* Task description *
The copy should hold exactly the lines below from the one that contains "- Световую полосу" through the one that contains "The machine is" and nothing else, so no pictures.
### Entries shown ###
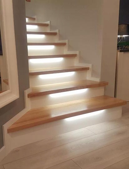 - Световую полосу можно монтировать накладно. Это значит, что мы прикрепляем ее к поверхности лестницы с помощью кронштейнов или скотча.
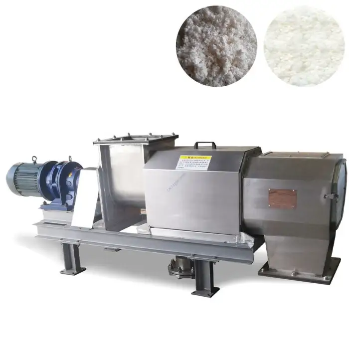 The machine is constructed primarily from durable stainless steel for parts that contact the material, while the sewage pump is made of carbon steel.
###
### Entries shown ###
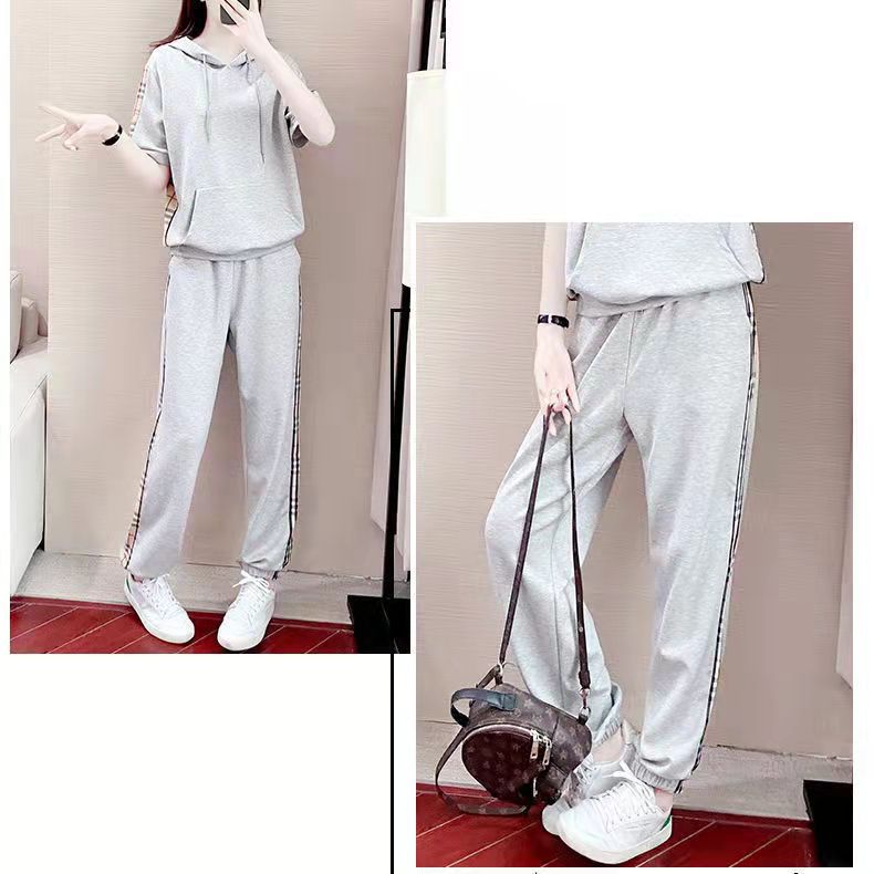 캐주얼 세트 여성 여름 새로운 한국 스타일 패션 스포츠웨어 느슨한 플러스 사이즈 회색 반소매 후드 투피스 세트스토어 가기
###
### Entries shown ###
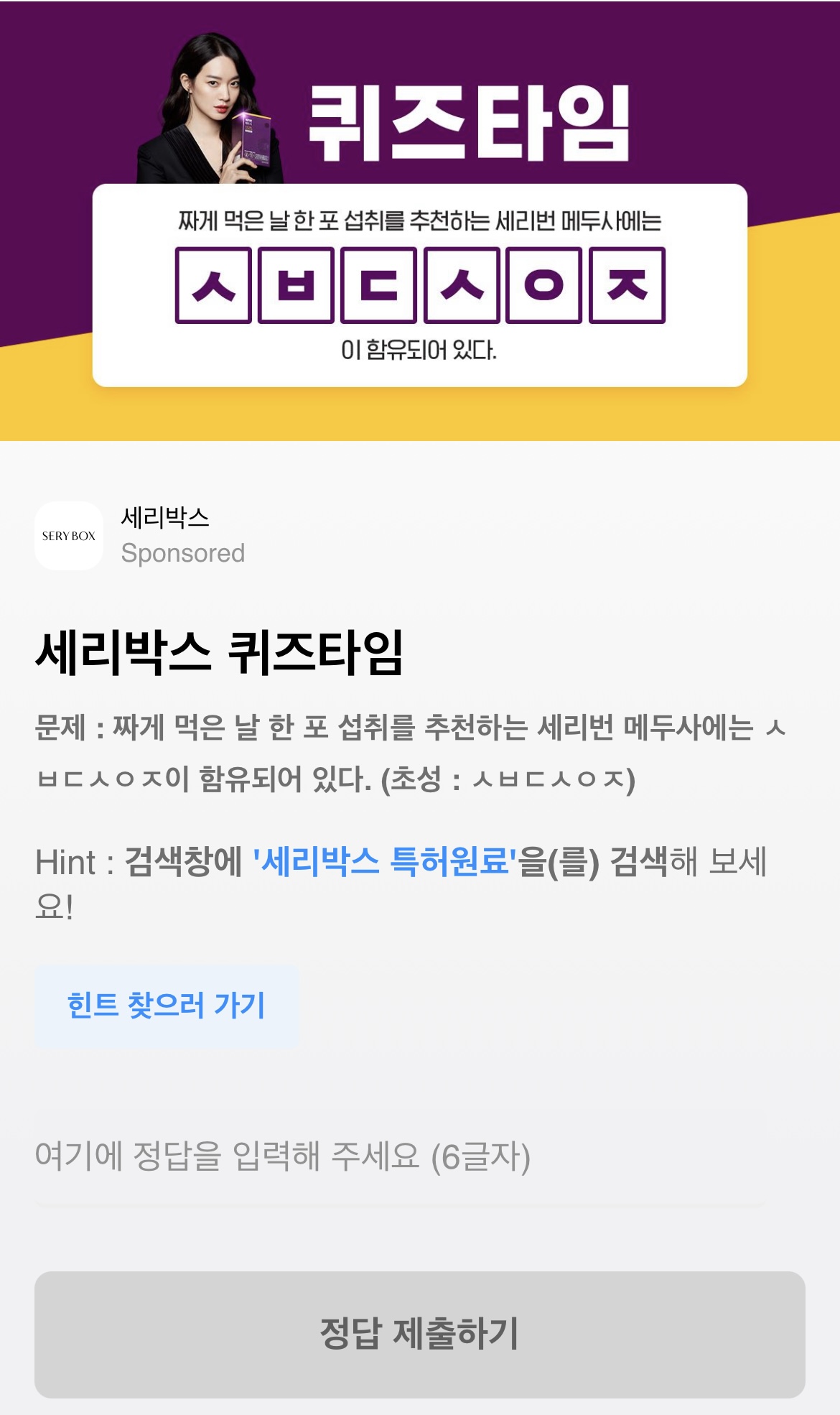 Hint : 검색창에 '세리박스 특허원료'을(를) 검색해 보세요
###
* Response area *
 - Световую полосу можно монтировать накладно. Это значит, что мы прикрепляем ее к поверхности лестницы с помощью кронштейнов или скотча.
 The machine is constructed primarily from durable stainless steel for parts that contact the material, while the sewage pump is made of carbon steel.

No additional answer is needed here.